Ten-week dietary intervention in 17 healthy subjects. Dietary intake, euglycemic hyperinsulinemic clamp, indirect calorimetry, lipid profile, hormones, inflammatory markers and erythrocyte membrane fatty acid composition were recorded before and at the end of the intervention. Comparisons are between baseline and post-treatment levels.
Dietary records of the linoleic acid/alpha-linolenic acid ratio (baseline: 32.2 (s.d. 3.7) vs post-intervention: 2.2 (s.d. 0.1), P<0.0001) and erythrocyte membrane fatty acid composition reflected good compliance. Dietary intervention was associated with significant reductions in TNF-alpha (baseline: 2.2 (s.d. 0.3), post-intervention: 1.5 (s.d. 0.3) pg/ml, P=0.01) and low-density lipoprotein-cholesterol (baseline: 2.5 (s.d. 0.2), post-intervention: 2.3 (s.d. 0.1) mmol/l, P=0.03) and increased adiponectin (baseline: 6.5 (s.d. 0.7), post-intervention: 7.6 (s.d. 0.6) microg/ml, P=0.02). Fasting lipid oxidation was increased (baseline: 0.7 (s.d. 0.1), post-intervention: 0.9 (s.d. 0.1) mg/kg x min, P=0.01), whereas glucose oxidation decreased in both fasting (baseline: 1.6 (s.d. 0.1), post-intervention: 1.3 (s.d. 0.1) mg/kg x min, P=0.02) and hyperinsulinaemic conditions (baseline: 3.6 (s.d. 0.1), post-intervention: 3.3 (s.d. 0.1) mg/kg x min, P=0.04). Insulin sensitivity was not affected by the intervention.

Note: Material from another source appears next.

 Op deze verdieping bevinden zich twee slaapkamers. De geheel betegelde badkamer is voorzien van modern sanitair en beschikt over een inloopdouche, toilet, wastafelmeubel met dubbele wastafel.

A decreased n-6/n-3 PUFA ratio can be achieved with simple dietary counselling, resulting in multiple, potentially favourable effects on the metabolic and inflammatory profiles.
背景/目的:摄入n-3多不饱和脂肪酸(PUFA)对炎症和心血管疾病有积极影响。然而,西方饮食的特点是n-3 PUFA摄入量低,且n-6/n-3 PUFA比例失衡。研究为期10周的饮食调整以降低n-6/n-3 PUFA比例对心血管危险因素和静息能量消耗的影响。

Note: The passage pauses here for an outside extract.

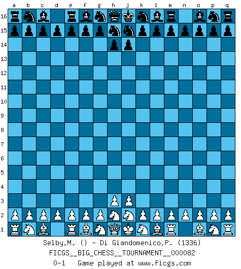 Last move : 0-1 2012 January 18 18:26:41 [Event "FICGS__BIG_CHESS__TOURNAMENT__000082"] [Site "FICGS"] [Date "2011.12.19"] [Round "1"] [White "Selby,Martin"] [Black "Di Giandomenico,Pierino"] [Result "0-1"] [WhiteElo ""] [BlackElo "1336"] 0-1 This big chess game has been lost on time (started : 2011.12.19 14:36:8) Follow this game move after move (download)When you see a good move, look for a better one. (Emanuel Lasker) Versuche, dich von der Sklaverei der Eröffnungsvarianten zu befreien. Stattdessen soll man gewisse Typenpositionen erlernen, die man eingehend analysiert. (Aaron Nimzowitsch) Los Peones son el alma de una partida de Ajedrez. (Francois Andre Danican Philidor) Avant la finale, les dieux ont créé le milieu de partie. (Tarrasch) Heh, heh, heh. Time to abandon ship. (General Grievous in Star Wars ep.3)

对17名健康受试者进行为期10周的饮食干预。在干预前及干预结束时记录饮食摄入量、正常血糖高胰岛素钳夹试验、间接测热法、血脂谱、激素、炎症标志物及红细胞膜脂肪酸组成。比较基线水平与治疗后水平。
亚油酸/α-亚麻酸比例的饮食记录(基线:32.2(标准差3.7),干预后:2.2(标准差0.1),P<0.0001)及红细胞膜脂肪酸组成反映出良好的依从性。饮食干预与肿瘤坏死因子-α(TNF-α)显著降低(基线:2.2(标准差0.3),干预后:1.5(标准差0.3)pg/ml,P=0.01)、低密度脂蛋白胆固醇(基线:2.5(标准差0.2),干预后:2.3(标准差0.1)mmol/l,P=0.03)以及脂联素升高(基线:6.5(标准差0.7),干预后:7.6(标准差0.6)μg/ml,P=0.02)相关。空腹脂质氧化增加(基线:0.7(标准差0.1),干预后:0.9(标准差0.1)mg/kg·min,P=0.01),而空腹及高胰岛素状态下葡萄糖氧化均降低(空腹:基线:1.6(标准差0.1),干预后:1.3(标准差0.1)mg/kg·min,P=0.02;高胰岛素状态:基线:3.6(标准差0.1),干预后:3.3(标准差0.1)mg/kg·min,P=0.04)。胰岛素敏感性未受干预影响。
通过简单的饮食咨询可降低n-6/n-3 PUFA比例,对代谢和炎症指标产生多种潜在有益影响。